General Methods and Updates
The IQWiG’s General Methods serve as the foundation for the institute’s work, ensuring transparency and consistency of assessments. The General Methods are regularly updated to adapt to the evolving healthcare landscape and scientific standards as well as IQWiG’s expanding legal obligations. In September 2023, IQWiG released version 7.0 of its General Methods, reflecting the latest changes, additions, and improvements.
Revisions based on the Stakeholder Input
IQWiG is committed to transparency and continuous improvement. In December 2022, the institute presented the draft for General Methods version 7.0 and invited feedback from stakeholders. Following this, IQWiG received 38 statements, leading to a discussion with respondents in March 2023, where open questions were addressed and clarified. As a result of this opinion process, IQWiG reworded and provided additional explanations in several areas of the document, enhancing the clarity and comprehensibility of the methods.
Revision of the Cost-Benefit Assessment
One significant update in version 7.0 of the General Methods is the complete revision of Chapter 4, which discusses the cost-benefit assessment of medical interventions. This revision also led to the overhaul of the overarching section 1.4 on health economics. The cost-benefit assessment now has a more streamlined and less complex methodology, aimed at simplifying these cost-benefit assessments.
Since 2011, the cost-benefit assessment can be used to guide the pricing of new drugs, primarily when early benefit assessments under the “Arzneimittel-Neuordnungsgesetz” (AMNOG) have been completed, but the subsequent negotiations between health insurance companies and manufacturers have failed.
However, due to the complexity of the previous methodology, such an assessment has never been initiated. In response to this, IQWiG now has adjusted its methodological approach to make cost-benefit assessments less intricate. Key changes affect the considered therapy options and IQWiG’s price recommendations. Previously, it was required to consider all therapy options within the indication area, but now fewer comparator therapies can be included. Moreover, IQWiG is no longer deriving a price recommendation and instead presents an incremental cost-benefit ratio over the comparative therapy.
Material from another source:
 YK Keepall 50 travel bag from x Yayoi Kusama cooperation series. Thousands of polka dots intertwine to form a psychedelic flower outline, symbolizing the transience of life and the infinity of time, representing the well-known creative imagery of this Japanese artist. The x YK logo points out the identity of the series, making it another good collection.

Integration of RWE framework into the General Methods
In response to the evolving landscape of healthcare, since 2020, the German Federal Joint Committee (G-BA) can request AbD. This AbD (“anwendungsbegleitende Datenerhebung”), which roughly translates to data collection alongside use in clinical practice, aims to enhance G-BA’s decision-making, as a crucial complement to traditional clinical trial data, for drugs that received regulatory approval under special statuses, primarily drugs designed to treat rare diseases (orphan drugs).
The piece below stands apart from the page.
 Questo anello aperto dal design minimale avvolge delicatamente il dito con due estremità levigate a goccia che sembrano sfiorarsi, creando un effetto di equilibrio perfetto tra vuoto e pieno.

The G-BA can commission IQWiG to create an AbD concept, describing the methodological requirements for data collection and reviewing suitable registries within the indication area.
Thus, IQWiG now has introduced a new methodological framework for generating these additional data.
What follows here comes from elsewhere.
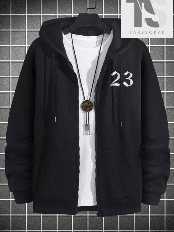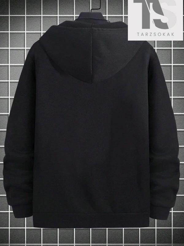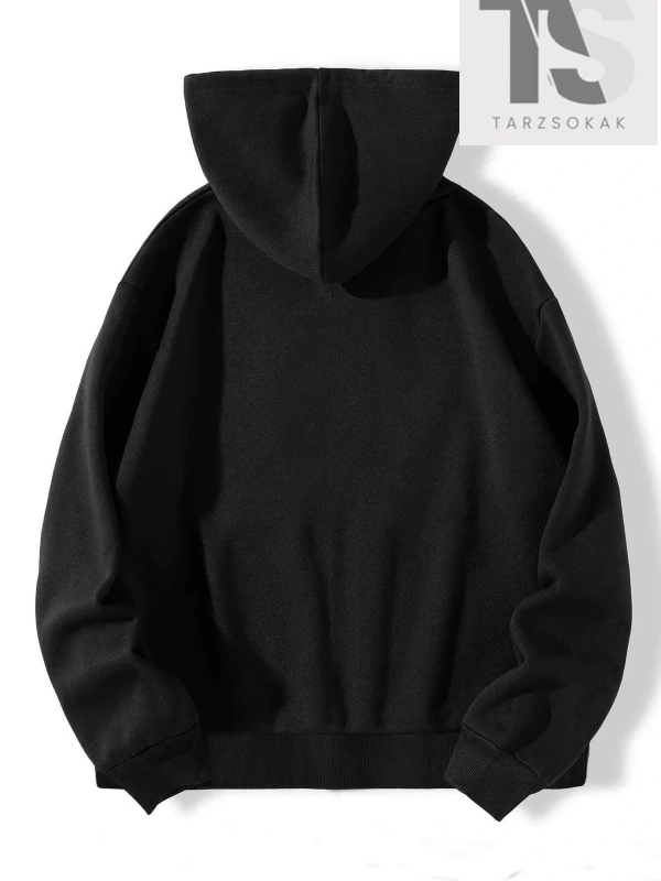 Siyah Kapüşonlu Fermuarlı Sweatshirt

The “AbD concept” and “Review of indication registries” are now included alongside the AMNOG dossier assessments in Chapter 2 of the General Methods Version 7.0.
Conclusion
The IQWiG plays a crucial role in promoting evidence-based healthcare decisions in Germany. The recent updates to its General Methods reflect IQWiG’s commitment to adapt to the changing landscape of healthcare and provide transparent, reliable, and up-to-date requirements. I’m looking forward to seeing whether cost-benefit-assessments will become a reality in Germany in the future, and how the G-BA will use RWE in its early benefit assessments.